W tym roku sądy ogłosiły upadłość dziewięciu firm z GPW. We wtorek wniosek o upadłość złożyła kolejna. Zaledwie w co trzecim przypadku audytor ostrzegał o możliwych problemach, zanim przyznał się do nich zarząd.
Pechowa branża
Aż sześć upadłości mieliśmy w branży budowlanej. Tylko w wypadku Energomontażu-Południe inwestorzy zostali ostrzeżeni. W opinii do sprawozdania za 2011 r. audytor wskazał na problemy PBG i na to, że wartość zobowiązań grupy poręczonych przez Energomontaż wynosiła na koniec roku 991,2 mln zł. Dlatego zwrócił uwagę na zagrożenie kontynuowania działalności. Sama firma takiego ryzyka wówczas nie widziała. 4 czerwca wnioski o upadłość złożyły PBG i Hydrobudowa. W uwagach do opublikowanych pod koniec kwietnia sprawozdań rocznych audytor zwrócił uwagę, że doszło do pogorszenia sytuacji płynnościowej, co stworzyło zagrożenie dla kontynuacji działania. Do kłopotów przyznały się same spółki. W opinii do raportów za półrocze 2011 r. nic nie wskazuje na kłopoty. W międzyczasie PBG przejęło jednak za 592,7 mln zł Rafako, finansując to ze środków własnych, a nie kredytem, jak zakładało.

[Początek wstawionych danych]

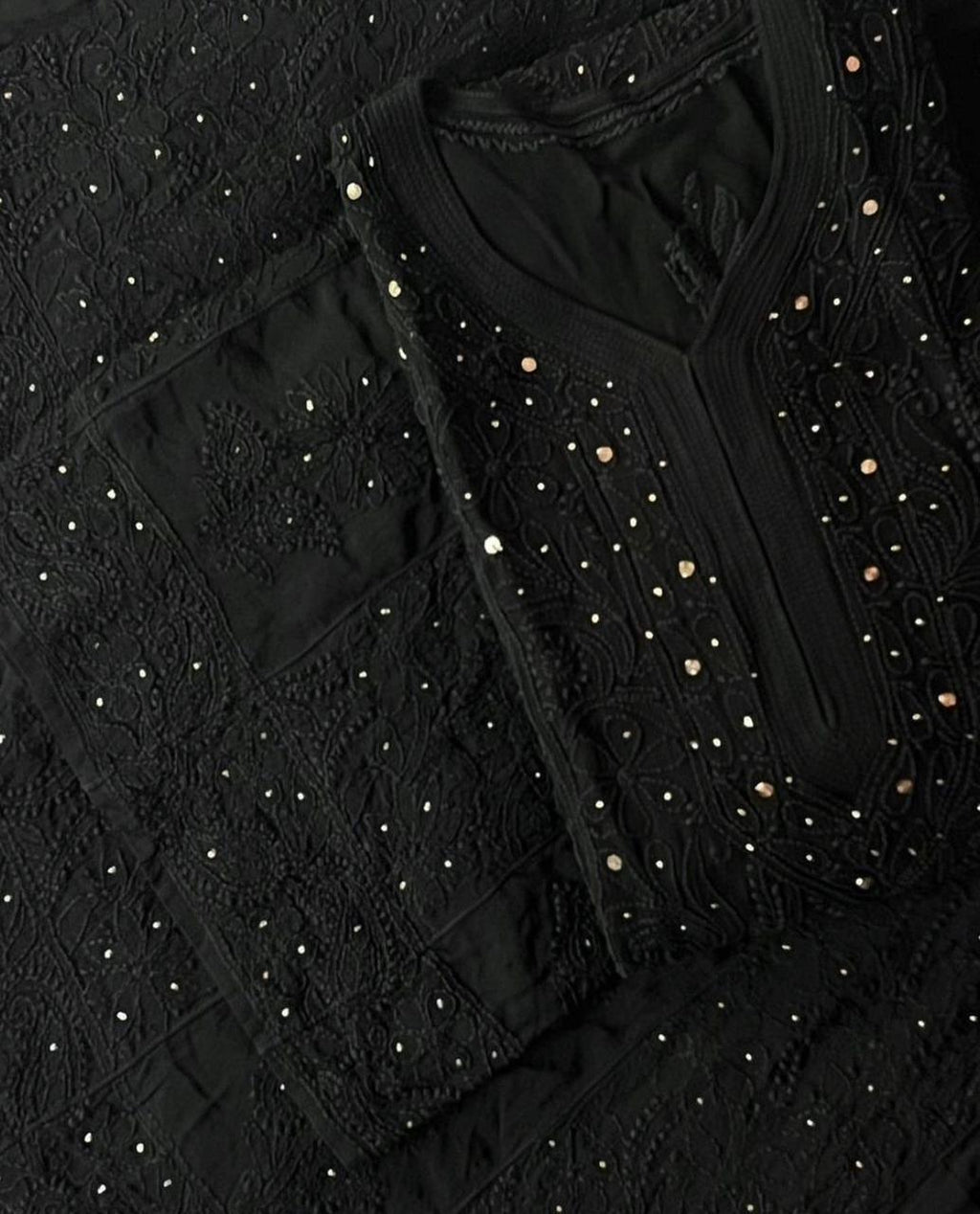 Black Luxe Chikankari Bliss: Premium Viscose Set with Sharara

W wypadku handlowego Bomi pierwsze ostrzeżenie znalazło się w opinii do raportu za 2010 r. Spółka też przyznała wtedy, że rozpoczęła restrukturyzację, a w wypadku jej niepowodzenia może mieć problemy z płynnością.
Ciekawie wygląda sytuacja Jago, które opublikowało raport za 2010 r. z opinią audytora 23 czerwca 2011 r., mimo że termin upłynął pod koniec kwietnia (wcześniej był raport bez opinii). Do dzisiaj nie przedstawiło raportu grupy za 2010 r. Raport półroczny z 2011 r. nie zawiera natomiast opinii audytora. W związku z nieprawidłowościami dotyczącymi raportów rocznych za 2009 i 2010 r. i półrocznych w 2010 i 2011 r. Komisja Nadzoru Finansowego 4 lutego 2011 r. wszczęła postępowanie w sprawie nałożenia kary. Dlaczego dopiero wtedy? – Postępowania administracyjne są wszczynane na bieżąco po dokonaniu wstępnej analizy sytuacji, w szczególności po zgromadzeniu materiału, który uprawdopodobnia naruszenie przepisów – tłumaczy Łukasz Dajnowicz, rzecznik KNF.
Rewident zostaje w tyle
Z analizy „Rz" wynika, że audytorzy o problemach piszą zwykle wtedy, gdy firmy same się do nich przyznają, często przed upływem roku od poprzedniego badania. Jak to tłumaczą? Andre Helin, prezes BDO, nie odnosząc się do konkretnych firm, wyjaśnia, iż sytuacja, że audytor nie widział zagrożenia dla kontynuacji działalności np. w badaniu raportu rocznego, a dostrzegł je w opinii do półrocznego jest dopuszczalna tylko wtedy, gdy od końca marca do końca lipca (od zakończenia badania sprawozdania rocznego do końca przeglądu półrocznego) pojawiły się okoliczności, o których nie wiedział wcześniej. – Do takich okoliczności należą m.in. zmiana struktury właścicielskiej i strategii rozwoju, zaniechanie części dotychczasowej działalności i wynikający z tego wymóg odpisu wartości majątku, utrata znacznych kontrahentów, wypowiedzenie przez bank umów kredytowych, pojawienie się istotnych konkurentów – wylicza Helin.